The set opens with the 12” mix of Tell Me That I’m Dreaming from Was (Not Was) with its nonsensical call and response lyrics and Chic worthy bassline leading the groove though samples of incriminating Ronald Reagan samples. The superbly named Don Armando’s Second Avenue Rhumba Band rolls out the house piano and a slice of sax for Deputy Of Love and Things Fall Apart opens with a twinkling music box before a sinister guitar leads you into a arch hipster’s Christmas carol. Michel Esteban’s partner, Lizzy Mercier Descloux, floats over the shimmering electronica of Hard-Boiled Babe. She may have lived with Patti Smith at the tail end of the 70s, but her work here is closer to Matthew Herbert’s experimental house than Patti’s New York punk loft

Alan Vega’s Jukebox Babe is an otherworldly slice of Martian rockabilly, but with his partner Martin Rev in Suicide he drifts over the haunting lullaby of Dream Baby Dream. Zikha hired the Cars’ Ric Ocasek to produce the Dream Baby session hoping for a disco cut along the lines of Donna Summer’s I Feel Love, instead he got a lofi masterpiece that served as a keystone for the stripped back sounds of Springsteen’s Nebraska album.

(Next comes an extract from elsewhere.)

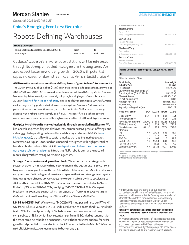 【Morgan Stanley】【2025】China's Emerging Frontiers Geekplus-32页

The Talking Heads lifted a line from Sonny & Cher’s The Beat Goes On on Born Under the Punches and Casino Music’s cover seems to simply imagine David Byrne and co covering the song in full. James White, with his backing band The Blacks command you to Contort Yourself with his screeching saxophone – though his tearing cover of Michael Jackson’s Don’t Stop Till You Get Enough would have been a more timely choice.

The highlight of the collection is the Kid Creole & The Coconuts jaunt Something Wrong In Paradise mixed by Larry Levan. Its lyrics tell of corruption in the Caribbean, but the irresistible confection of carnival horns and tropilalia guitars scream party more than protest. Bustin’ Out from Bill Laswell’s Material could be the dark flip side to Dina Ross’ Niles and Rodgers produced classic Coming Out, with diva Nona Hendryx singing lyrics culled from a Black Panther’s prison letters. But it’s not all discontent (pun intended) with Garcons providing a joyous tribute to French Boys and the coy come on of Aural Exciters Maladie D’Amour.

Ideally the collection would close with the fade out of Dream Baby but tacked on at the tail Michael Dracula’s What Can I Do For You feels like an indie rock demo and Marie et les Garcons Re Bop Electric is a mere novelty curio.

ZE Records covered almost any sound from punk funk to alien rockabilly – but there’s always a disco edge in place. The songs weren’t the hits the label hoped for, with Zikha bemoaning the fact that his ‘bands were too clever… truly great rock music is not clever.’ Stranded in a strange mid-point between the punk of CBGBs and the disco of Studio 54, ZE’s James Chance mocked their rivals – “anyone who stays on the Lower East Side will become the inevitable victim of provincial mind rot… so dislocate yourself, get slick, move uptown and get trancin’ with some superadioactive disco voodoo funk.” It might not have been great advice for record sales, but it’s great advice for any record buyer.